Todd Nauck's reality-series-meets-super-heroes comic Wildguard: Casting Call gets a trade collection. If you enjoy old-fashioned super-hero fun, check this out.
Marvel
Black Panther returns, written by Birth of a Nation co-creator Reginald Hudlin and drawn by John Romita, Jr. There's also a collection of Jack Kirby's old Black Panther series as well.
I'm not sure about Young Avengers, but it does has art by Jim Cheung. I can almost guarantee that this'll get a trade collection, so I think I'll wait.
Ditto on Adam Warren & Rick Mays's Livewires.
Runaways returns with a new #1, and gets a third Marvel age collection as well.
Does anyone else find the cover of Spectacular Spider-Man #25 to be creepy and wrong?

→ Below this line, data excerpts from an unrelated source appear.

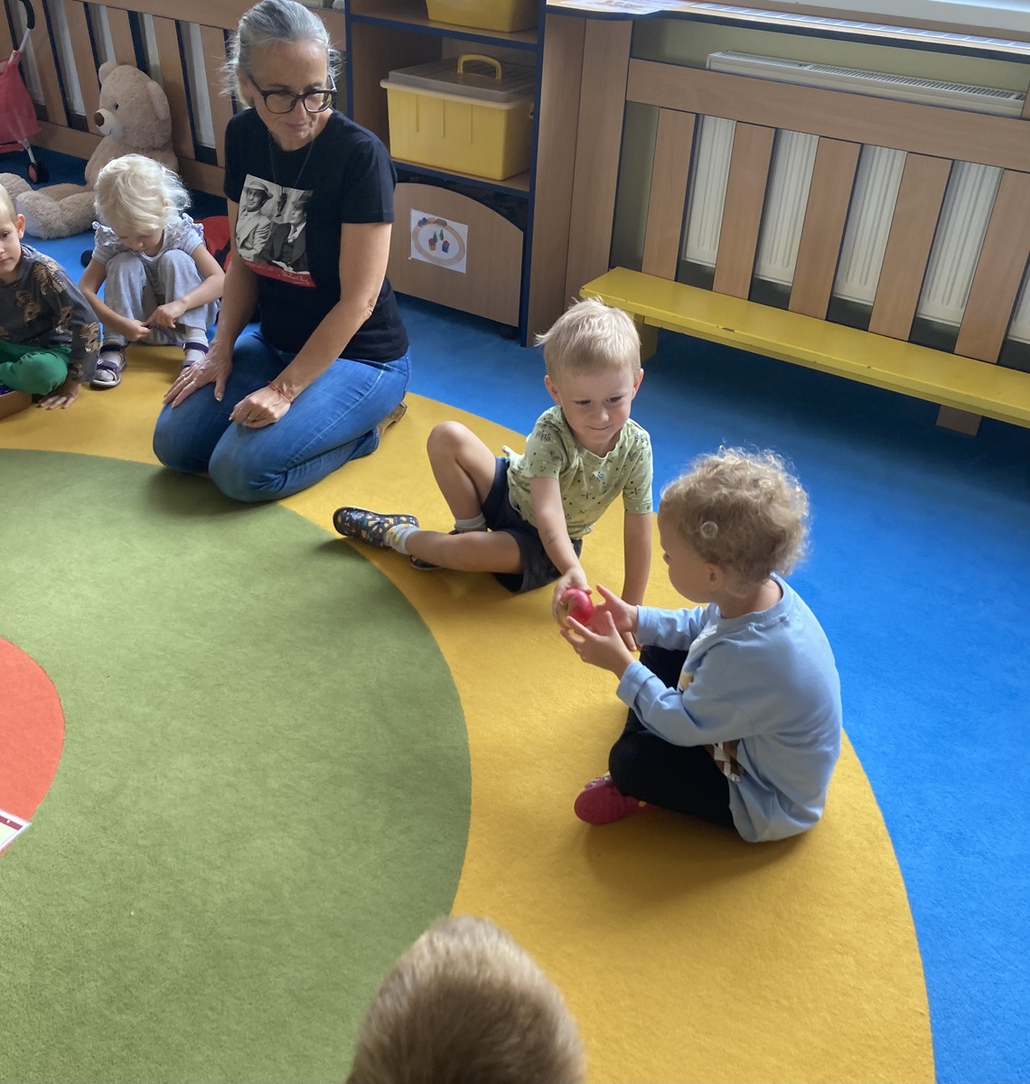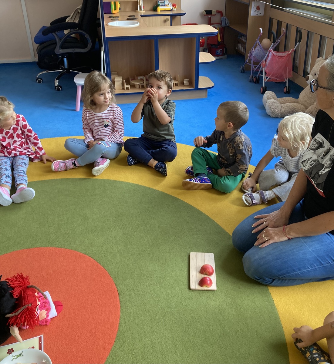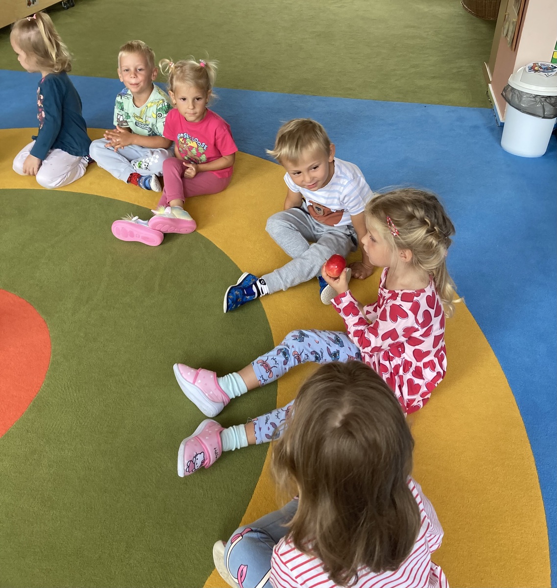 Nejdříve jsme si společně povídali o tvaru, barvě, vůni, prospěšnosti pro lidské tělo, zdroji vitamínů…. Probíhal rozhovor, kdo na své zahradě má také jabloň a kde asi jablka, která ochutnáváme, vyrostla. Dětem bylo prozrazeno, že jablka vyrostla na školní zahradě. Při pobytu venku jsme jabloň vyhledali a dohodli jsme se, že ji budeme pozorovat v různou roční dobu a budeme sledovat její změny.
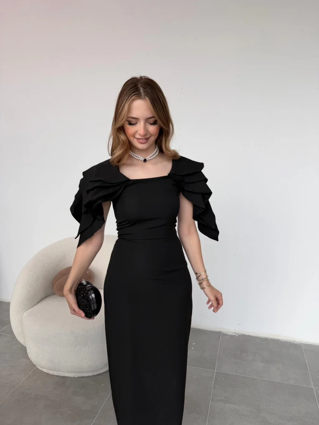 Şık Kat Detaylı Angel Model Siyah Elbise
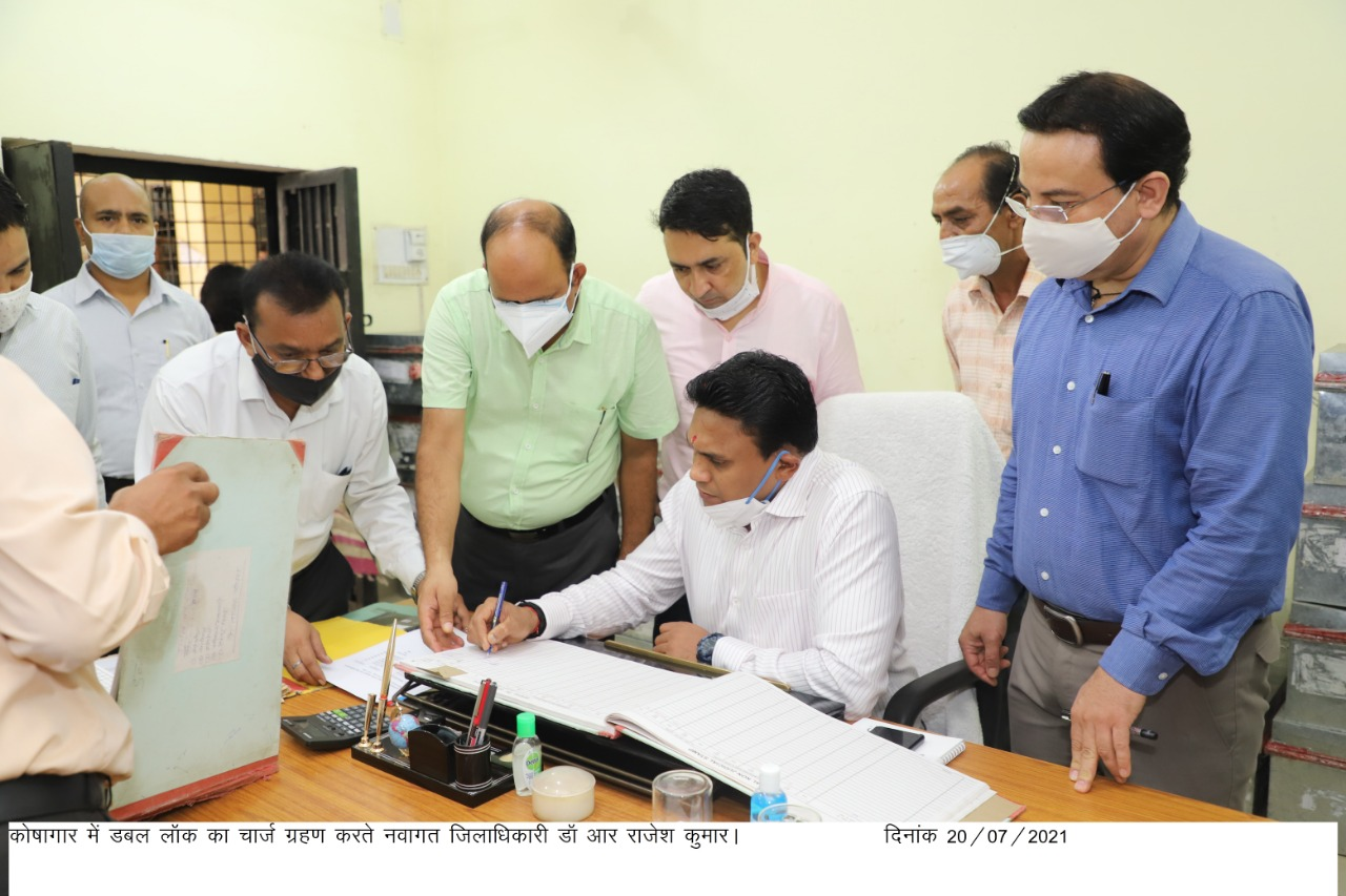 इसके उपरान्त जिलाधिकारी डॉ आर राजेश कुमार ने कोषागार पंहुचकर डबललॉक का निरीक्षण कर आवश्यक दस्तावेजों पर हस्ताक्षर कर कोषागार का चार्ज ग्रहण किया।
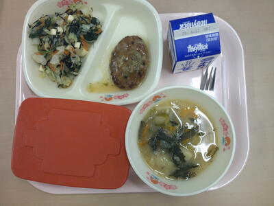 今日の給食は、ハンバーグとひじき、味噌汁でした。

The biggest 'why bother' of the month comes in the fact that Marvel Age Fantastic Four and Marvel Age Spider-Man are given new #1s as Marvel Age Fantastic Four Tales and Marvel Age Spider-Man Tales. Nobody buys these in comics form anyways, so what difference will a new #1 be?
X-Force: Shatterstar: because you don't have enough crap in your life.
The three-issue story Doctor Spectrum finally comes to an end with #6.
Frank Cho's Shana, The She-Devil comes from the Marvel Knights imprint, not MAX, so I guess he went back a drew in skimpy leopard-print jungle-bras...
Collections include: Hulk & Thing: Hard Knocks (Jae Lee art!); Clarmont & Davis's Uncanny X-Men - The New Age, vol. 2: The Cruelest Cut (say that 10 times fast!); Rogue: Going Rogue; What If...? (no need now to buy the individual issues this month, unless you've already pre-ordered them like I did--idiot); an Essential Luke Cage; and Marvel Weddings--pop quiz: how many of the marriages featured here are still together?